Drug addiction has continuously seen an increase in Kashmir in the past few years. Responding to a question in the parliament in March this year, the ministry of Social Justice and Empowerment revealed that the number of people who are into substance abuse in Jammu and Kashmir is one million with more than half of them opioid users. According to the ministry a large number of drug users among more than 60 million drug users in the country are in the age group of 10-17 years.
Cigarette Consumption in J&K
Around 32 percent men and one percent women consume tobacco in Jammu and Kashmir with cigarettes being the main tobacco product, a recent NHFS-5 data revealed.
“Tobacco products mostly used by men are cigarettes (27% ), bidis (4%), hookah and cigars or pipe (2% each). Among women and men, the use of any form of tobacco is slightly higher in rural areas (1.4% for women and 35% for men) than in urban areas (0.7% for women and 24% for men),” the data adds. “Over one-third (35%) of men who smoke cigarettes smoked 5 to 9 cigarettes in the past 24 hours.”
The data stated that around 0.2 percent women in urban areas and 0.5 in rural areas use cigarettes while 21.1 men in urban areas and 28.7 percent in rural areas smoke cigarettes.
“0.1 percent women and 4 percent men in J&K are smoking bidis besides that 0.1 percent women and 2.2 percent men are smoking cigars or pipe in J&K while 0.7 women and 2.4 percent women are hookah smokers,” it reads.

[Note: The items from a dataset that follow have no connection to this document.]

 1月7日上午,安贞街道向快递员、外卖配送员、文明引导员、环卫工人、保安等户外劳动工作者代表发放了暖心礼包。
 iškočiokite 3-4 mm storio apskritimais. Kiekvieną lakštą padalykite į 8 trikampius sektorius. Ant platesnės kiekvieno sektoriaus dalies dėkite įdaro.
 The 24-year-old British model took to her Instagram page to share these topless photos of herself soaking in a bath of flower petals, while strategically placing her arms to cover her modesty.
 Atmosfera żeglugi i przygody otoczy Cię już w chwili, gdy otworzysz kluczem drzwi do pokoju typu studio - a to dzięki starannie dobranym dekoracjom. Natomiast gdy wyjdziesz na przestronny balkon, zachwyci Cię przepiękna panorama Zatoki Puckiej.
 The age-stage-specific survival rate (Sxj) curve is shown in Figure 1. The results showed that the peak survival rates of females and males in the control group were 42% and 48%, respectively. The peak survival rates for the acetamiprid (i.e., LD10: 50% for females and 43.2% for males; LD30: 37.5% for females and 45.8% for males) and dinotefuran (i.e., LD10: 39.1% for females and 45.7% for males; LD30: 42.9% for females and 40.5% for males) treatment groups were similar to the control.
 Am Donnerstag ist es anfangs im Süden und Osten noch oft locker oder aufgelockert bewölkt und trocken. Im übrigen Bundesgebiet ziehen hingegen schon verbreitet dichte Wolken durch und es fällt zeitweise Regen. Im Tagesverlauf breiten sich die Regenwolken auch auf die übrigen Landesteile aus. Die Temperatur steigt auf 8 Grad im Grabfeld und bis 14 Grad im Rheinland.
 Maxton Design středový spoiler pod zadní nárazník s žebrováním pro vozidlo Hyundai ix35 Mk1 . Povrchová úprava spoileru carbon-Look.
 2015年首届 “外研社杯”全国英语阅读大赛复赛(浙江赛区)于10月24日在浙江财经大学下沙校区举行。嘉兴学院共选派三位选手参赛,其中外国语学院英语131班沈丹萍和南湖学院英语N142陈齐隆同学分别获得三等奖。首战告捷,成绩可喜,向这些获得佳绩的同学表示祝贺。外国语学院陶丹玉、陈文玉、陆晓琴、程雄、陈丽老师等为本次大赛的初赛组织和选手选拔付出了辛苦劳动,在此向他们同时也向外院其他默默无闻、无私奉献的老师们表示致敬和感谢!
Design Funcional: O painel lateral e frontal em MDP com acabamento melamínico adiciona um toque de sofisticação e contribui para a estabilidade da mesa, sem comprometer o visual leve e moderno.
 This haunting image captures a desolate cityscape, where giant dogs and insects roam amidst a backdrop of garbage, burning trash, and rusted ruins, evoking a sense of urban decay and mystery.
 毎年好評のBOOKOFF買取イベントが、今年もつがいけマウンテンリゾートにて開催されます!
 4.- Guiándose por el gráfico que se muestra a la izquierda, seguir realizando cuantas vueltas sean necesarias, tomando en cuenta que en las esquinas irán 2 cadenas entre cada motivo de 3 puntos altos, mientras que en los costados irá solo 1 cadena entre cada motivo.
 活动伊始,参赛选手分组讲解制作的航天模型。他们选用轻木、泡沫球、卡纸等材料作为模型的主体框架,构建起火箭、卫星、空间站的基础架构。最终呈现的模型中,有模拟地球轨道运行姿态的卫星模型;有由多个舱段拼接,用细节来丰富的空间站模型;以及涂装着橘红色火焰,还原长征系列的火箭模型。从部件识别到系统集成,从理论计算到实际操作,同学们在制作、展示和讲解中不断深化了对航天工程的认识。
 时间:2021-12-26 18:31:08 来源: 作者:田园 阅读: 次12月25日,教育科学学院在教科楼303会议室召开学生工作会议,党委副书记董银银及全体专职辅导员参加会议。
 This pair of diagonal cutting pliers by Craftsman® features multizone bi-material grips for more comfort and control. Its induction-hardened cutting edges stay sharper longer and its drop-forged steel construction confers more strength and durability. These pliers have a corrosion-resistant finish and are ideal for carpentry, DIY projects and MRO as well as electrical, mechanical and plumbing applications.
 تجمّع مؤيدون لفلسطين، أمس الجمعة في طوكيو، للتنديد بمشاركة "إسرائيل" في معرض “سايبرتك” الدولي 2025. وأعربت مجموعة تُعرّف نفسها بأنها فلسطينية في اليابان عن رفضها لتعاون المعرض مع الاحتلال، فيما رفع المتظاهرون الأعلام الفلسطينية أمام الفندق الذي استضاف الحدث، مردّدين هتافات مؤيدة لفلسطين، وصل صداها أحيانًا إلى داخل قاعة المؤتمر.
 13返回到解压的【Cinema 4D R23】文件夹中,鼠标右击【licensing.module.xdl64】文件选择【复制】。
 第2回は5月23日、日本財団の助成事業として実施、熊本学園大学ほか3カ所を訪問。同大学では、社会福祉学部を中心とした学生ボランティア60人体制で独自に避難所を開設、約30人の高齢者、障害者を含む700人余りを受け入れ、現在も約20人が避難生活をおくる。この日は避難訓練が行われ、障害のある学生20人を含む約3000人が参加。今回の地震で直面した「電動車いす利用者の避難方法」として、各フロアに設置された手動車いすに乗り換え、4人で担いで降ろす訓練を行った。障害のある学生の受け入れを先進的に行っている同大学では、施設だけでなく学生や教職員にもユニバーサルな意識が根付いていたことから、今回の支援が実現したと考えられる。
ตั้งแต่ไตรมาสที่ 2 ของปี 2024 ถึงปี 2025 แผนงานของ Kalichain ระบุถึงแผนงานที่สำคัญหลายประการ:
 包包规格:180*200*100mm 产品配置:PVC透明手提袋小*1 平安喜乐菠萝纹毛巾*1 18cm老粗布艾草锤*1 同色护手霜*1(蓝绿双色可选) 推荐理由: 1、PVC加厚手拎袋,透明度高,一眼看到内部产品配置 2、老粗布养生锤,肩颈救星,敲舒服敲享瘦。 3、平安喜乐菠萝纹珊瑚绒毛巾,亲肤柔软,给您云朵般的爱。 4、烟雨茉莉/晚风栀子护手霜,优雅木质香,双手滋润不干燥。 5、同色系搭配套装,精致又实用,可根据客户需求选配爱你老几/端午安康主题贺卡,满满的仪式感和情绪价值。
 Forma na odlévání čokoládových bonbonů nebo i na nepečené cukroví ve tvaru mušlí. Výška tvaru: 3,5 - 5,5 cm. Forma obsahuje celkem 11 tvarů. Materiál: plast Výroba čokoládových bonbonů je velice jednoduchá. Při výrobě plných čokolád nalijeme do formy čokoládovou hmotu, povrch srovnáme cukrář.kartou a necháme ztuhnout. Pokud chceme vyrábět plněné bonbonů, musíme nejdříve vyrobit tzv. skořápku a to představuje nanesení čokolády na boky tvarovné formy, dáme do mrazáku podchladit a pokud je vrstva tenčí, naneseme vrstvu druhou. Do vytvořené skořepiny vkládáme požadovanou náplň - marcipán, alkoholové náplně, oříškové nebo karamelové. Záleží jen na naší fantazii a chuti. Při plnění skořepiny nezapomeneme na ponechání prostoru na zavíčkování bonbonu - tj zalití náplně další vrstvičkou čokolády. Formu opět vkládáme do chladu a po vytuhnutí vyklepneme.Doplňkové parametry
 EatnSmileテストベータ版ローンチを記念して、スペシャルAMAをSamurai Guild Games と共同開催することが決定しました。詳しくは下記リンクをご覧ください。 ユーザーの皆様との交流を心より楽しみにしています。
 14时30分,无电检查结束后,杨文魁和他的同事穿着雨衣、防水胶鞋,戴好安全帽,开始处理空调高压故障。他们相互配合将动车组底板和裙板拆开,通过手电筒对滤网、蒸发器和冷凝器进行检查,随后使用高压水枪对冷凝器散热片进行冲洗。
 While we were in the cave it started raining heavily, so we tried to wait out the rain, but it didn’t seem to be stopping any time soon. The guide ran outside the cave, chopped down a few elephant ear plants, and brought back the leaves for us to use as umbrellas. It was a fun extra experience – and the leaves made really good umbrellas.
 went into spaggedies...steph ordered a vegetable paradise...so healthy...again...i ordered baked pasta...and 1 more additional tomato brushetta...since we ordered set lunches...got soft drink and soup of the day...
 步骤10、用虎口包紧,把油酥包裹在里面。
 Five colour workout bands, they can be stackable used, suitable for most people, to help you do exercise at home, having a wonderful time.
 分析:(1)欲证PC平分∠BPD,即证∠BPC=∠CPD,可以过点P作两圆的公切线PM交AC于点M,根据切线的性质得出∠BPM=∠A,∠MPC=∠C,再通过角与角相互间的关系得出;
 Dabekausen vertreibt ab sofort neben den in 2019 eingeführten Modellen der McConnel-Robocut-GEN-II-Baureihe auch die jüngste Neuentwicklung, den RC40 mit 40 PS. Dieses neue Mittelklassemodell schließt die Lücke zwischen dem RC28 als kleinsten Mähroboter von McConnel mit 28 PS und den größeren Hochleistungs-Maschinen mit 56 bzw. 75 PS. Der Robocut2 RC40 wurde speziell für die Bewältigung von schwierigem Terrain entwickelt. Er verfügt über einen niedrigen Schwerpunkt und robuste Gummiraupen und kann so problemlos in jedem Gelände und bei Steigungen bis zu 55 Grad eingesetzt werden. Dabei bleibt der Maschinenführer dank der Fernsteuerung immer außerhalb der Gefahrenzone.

“Around 27 percent cigarette smokers use 5 or below cigarettes per day, 34.7 use 5-9 cigarettes, 29.9 percent use 10-14 cigarettes in 24 hours, 6 percent use 15-24 cigarettes, while 0.3 percent use 25 or above cigarettes in 24 hours.
Meanwhile, a survey conducted by Department of Community Medicine Government Medical College Srinagar revealed that around 23 percent of school going adolescents are smokers in Srinagar.
As per the survey, the prevalence of cigarette smoking among adolescent boys was found to be 29% ever smokers, and 23% current smokers.
“In addition, more than half (60.8%) of adolescents were exposed to tobacco smoke from others in public places. In the multivariate analysis parent smoking, peer smoking, exposure to movie with actors smoking, not being exposed to anti-smoking media messages, not discussing in the class about danger of smoking, were significantly associated with current cigarette smoking among adolescents,” the survey reads, “The prevalence rate is increasing in its spread, exposure to environmental tobacco exposure is widespread. Moreover adolescents should be enriched with knowledge on the dangers of tobacco use.”
The survey said that among the surveyed schools, 29% adolescents were those who smoked at least one puff. An estimated 23% of the adolescents were current smokers, it added.
“Among the respondents 181 (15.1 %) of them usually smoked 2-5 cigarettes on the days they smoked, and the majority (14.8%) of them buy their cigarettes often from shop. Moreover, 16.1% of the respondents who are smoking currently spend more than 1000 rupees for cigarettes in the last month preceding the survey,” the survey reads.
“Among those currently smoking, 172/276 (62.3%) of adolescents want to stop smoking cigarettes at the time of the survey. However, only 56/276 (20.2 %) of them tried to stop smoking cigarettes during the past year.”
“Moreover among half of the currently smoking adolescents indicated that they would be able to stop smoking if they wanted to do and only half of them received help or advice that encourage them to quit smoking from ever smokers around 40% of the adolescents had quit smoking cigarette in the last year, and they have mentioned reasons for quitting.